##### Data excerpt

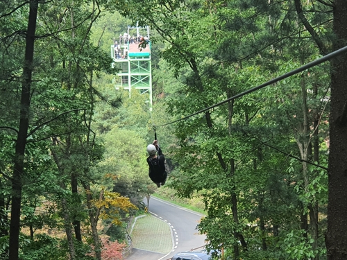 이용요금은 짚라인 3만5000원(5개 코스 기준), 숲속모험시설은 키즈코스 2000원, 어린이 짚라인 5000원이다.
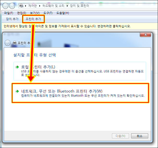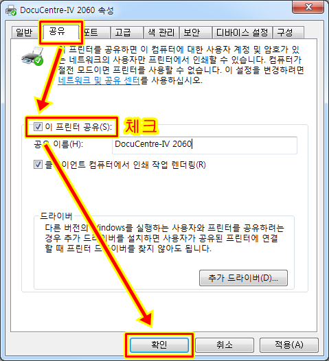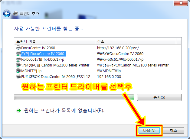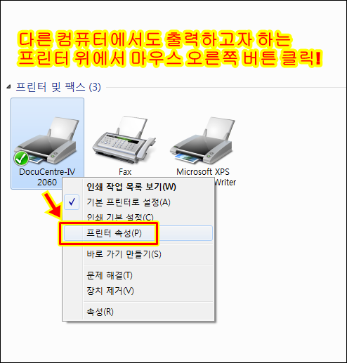공유가 끝나면 다른 컴퓨터(출력이 안되는)에서 네트워크 프린터로 연결해줍니다.
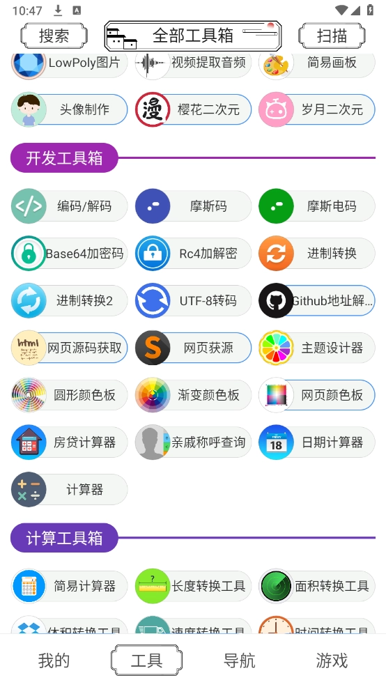 荷花工具箱是一款功能全面的手机工具箱,整合了各类实用工具、知识导航与趣味小游戏。所有板块均为免费提供,分类细致入微,能充分满足日常、办公及学习等多场景需求。此外,它无需安装,即开即用,十分便捷。

##########

Would you output the listing above verbatim, without its pictures?

 이용요금은 짚라인 3만5000원(5개 코스 기준), 숲속모험시설은 키즈코스 2000원, 어린이 짚라인 5000원이다.
공유가 끝나면 다른 컴퓨터(출력이 안되는)에서 네트워크 프린터로 연결해줍니다.
 荷花工具箱是一款功能全面的手机工具箱,整合了各类实用工具、知识导航与趣味小游戏。所有板块均为免费提供,分类细致入微,能充分满足日常、办公及学习等多场景需求。此外,它无需安装,即开即用,十分便捷。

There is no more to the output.